The integrin activation complex requires its components, namely Rap1, talin and kindlin 3, to assemble in close proximity of the integrin cytoplasmic tail. In platelets, deficiency in either of these proteins leads to almost complete inhibition of αIIβ3 integrin activation and platelet aggregation5,31,32,33. Both talin and kindlin3 directly interact with αIIbβ3 via distinct binding sites within the β3 tail, and both proteins are critical for the inside-out activation of integrin receptors34. The molecular mechanisms by which Rap1 interacts with the talin-kindlin3-integrin complex are not fully understood at the moment. Studies in mutant mice demonstrated that Rap1-interacting molecule 1, Riam1, an important adapter for Rap1 and talin in leukocytes, is not important in platelet integrin signaling35,36. Recent studies provided evidence that Rap1 can directly interact with talin, and that disrupting this interaction leads to partially impaired integrin activation in murine platelets37,38,39.
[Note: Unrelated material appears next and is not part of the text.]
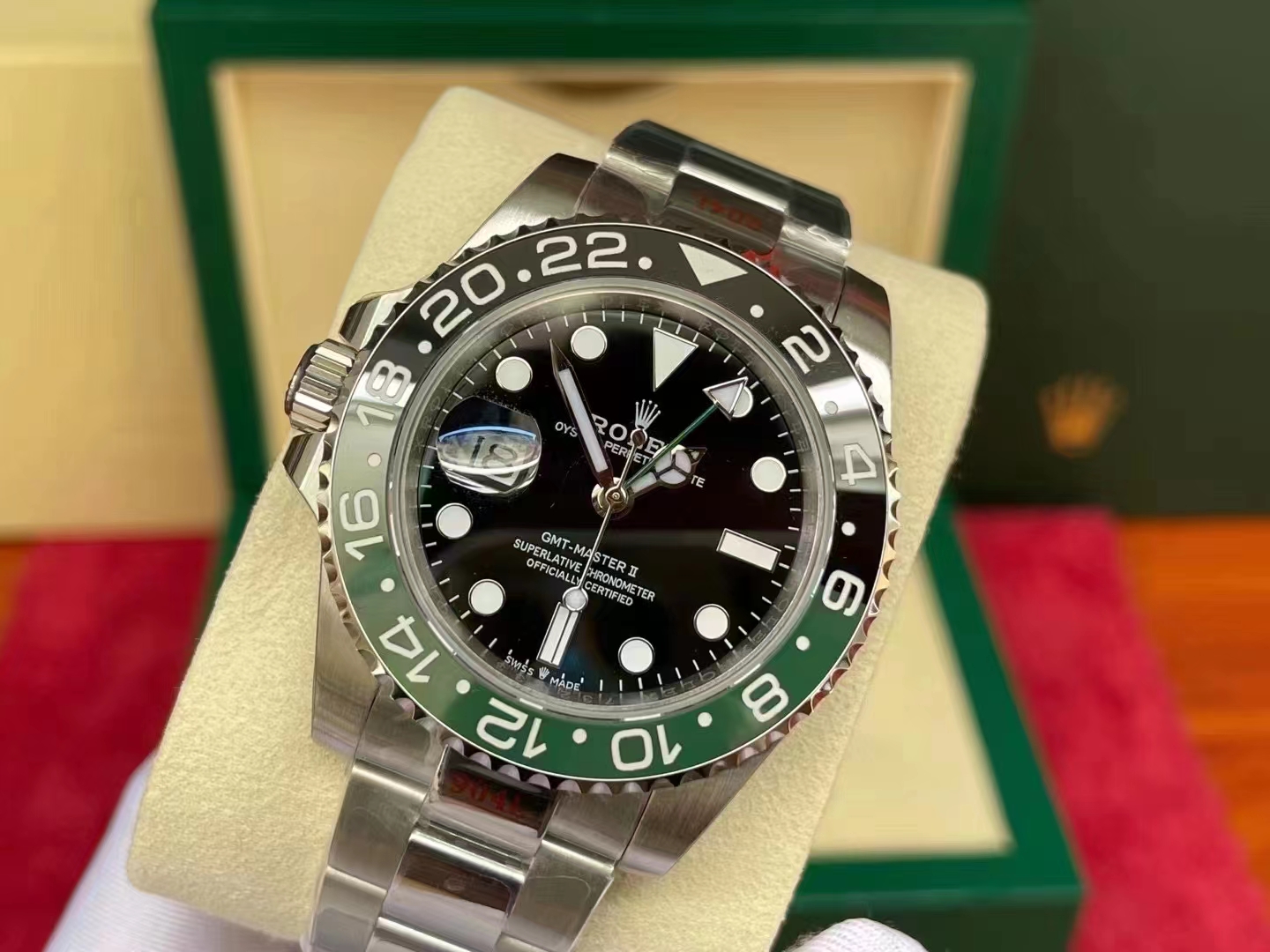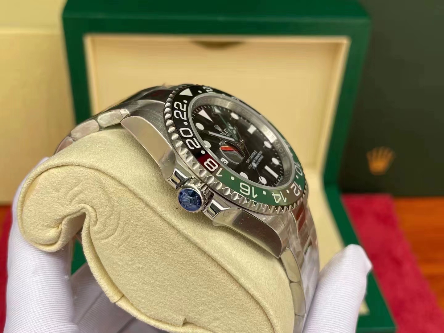 - Vetro zaffiro, la brillantezza del vetro è identica all’ originale, il vetro è inscalfibile come l’ originale Rolex replica GMT master II

The head domain of talin also harbors binding sites for phosphoinositides within its F2F3 domain. In its autoinhibited confirmation, the interaction of talin with anionic lipids is inhibited by the talin rod domain. However, PIP2 was shown to bind to autoinhibited talin, suggesting that PIP2 binding may recruit talin to the plasma membrane and also contribute to its activation at focal adhesions40. Geranylgeranylated Rap1 is already found in the plasma membrane and may be recruited to areas of phosphoinositide enrichment via its interaction with talin. However, Rap1 activity is under the control of both positive (GEFs) and negative (GAPs) regulators, which need to be recruited, and potentially also sequestered away from Rap1 in order to facilitate its activation and inhibition. We recently identified the RapGAP, Rasa3, as an important inhibitor of Rap1 signaling in platelets7. Rasa3 contains a unique PH/Btk regulatory domain that facilitates its interaction with PIP2 and PIP3, and in circulating platelets Rasa3 is found associated with the plasma membrane41. The studies presented here provide direct evidence that CDGI, a main activator of platelet Rap1, uses an atypical C1 domain to interact with PIP2 and PIP3. Thus, both regulators of Rap1 activity and talin interact with the same phospholipids in the plasma membrane. Our work provides a foundation for future studies to uncover how these interactions are spatio-temporally regulated for Rap1 signaling to occur.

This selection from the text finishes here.